Sachs S A, Schwartz M H, Drew S J
New York Center for Orthognathic and Maxillofacial Surgery, Lake Success, New York City, USA.
N Y State Dent J. 1998 Aug-Sep;64(7):24-9.
Perhaps no conditions other than cleft lip and palate and oral cancer assemble teams of dentists and physicians intensely focused on treatment and rehabilitation. The oral and maxillofacial surgeon's role is often pivotal especially in the 20-year term of care for the child born with a cleft lip and palate deformity (CLPD). Issues of basic orofacial functions of mastication, respiration and communication overlay human considerations of self-esteem and image. From the moment of birth the child with a CLPD is special and challenged. Early issues concern parent and family acceptance and insuring basic life functions. While not generally a part of the immediate surgical unit, the OMFS often provides surgical consultation, educational and emotional support for the family. A clear picture must be painted of the treatment that will unfold over the next two decades. Realistic optimism is the watchword. Indeed, today there is every reason to anticipate an outcome that will result in a balanced, functional and esthetic face.

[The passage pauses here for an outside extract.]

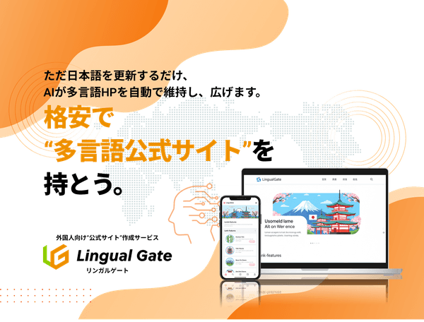 Lingual Gate(リンガルゲート)は、AI翻訳を活用し、外国人向けに最適化された多言語公式サイトを構築する制作サービスです。
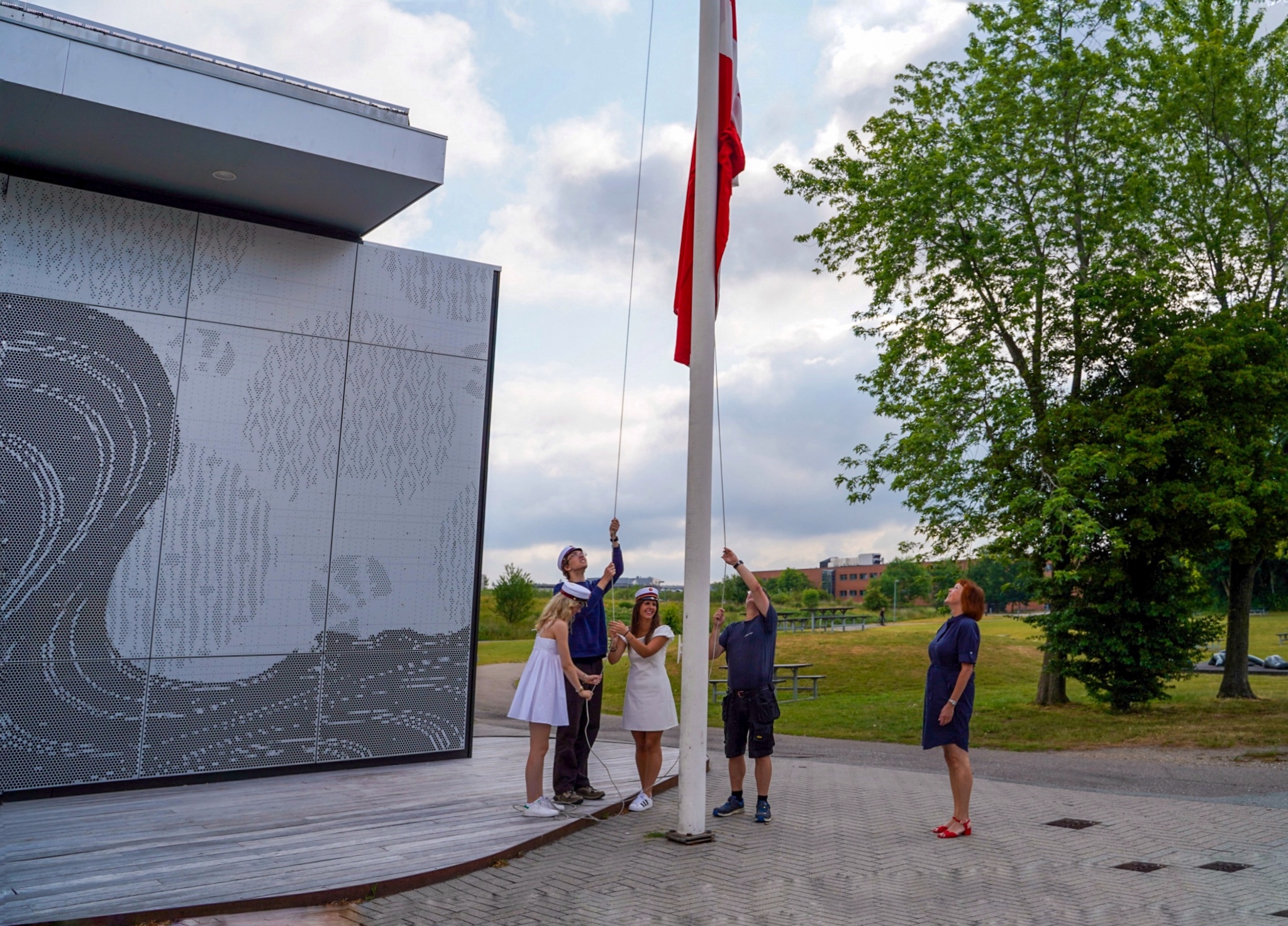 På Borupgaard var der traditionen tro flaghejsning mandag klokken 8.30, hvor de første studenter hejste flaget sammen med konstitueret rektor Karin Bøhrk.

或许除唇腭裂和口腔癌之外,没有其他病症能像它们这样让牙医和医生团队如此专注于治疗与康复。口腔颌面外科医生的角色往往至关重要,尤其是在对唇腭裂畸形(CLPD)患儿长达20年的护理期内。咀嚼、呼吸和交流等基本口腔颌面功能问题,叠加了自尊和形象等人文考量。从出生那一刻起,患有CLPD的孩子就很特殊且面临挑战。早期问题涉及父母和家庭的接纳以及确保基本生活功能。虽然口腔颌面外科通常并非直接手术团队的一部分,但它常常为家庭提供手术咨询、教育及情感支持。必须清晰描绘出未来二十年将会展开的治疗情况。现实的乐观主义是关键。的确,如今完全有理由期待一个能带来面容平衡、功能正常且美观的结果。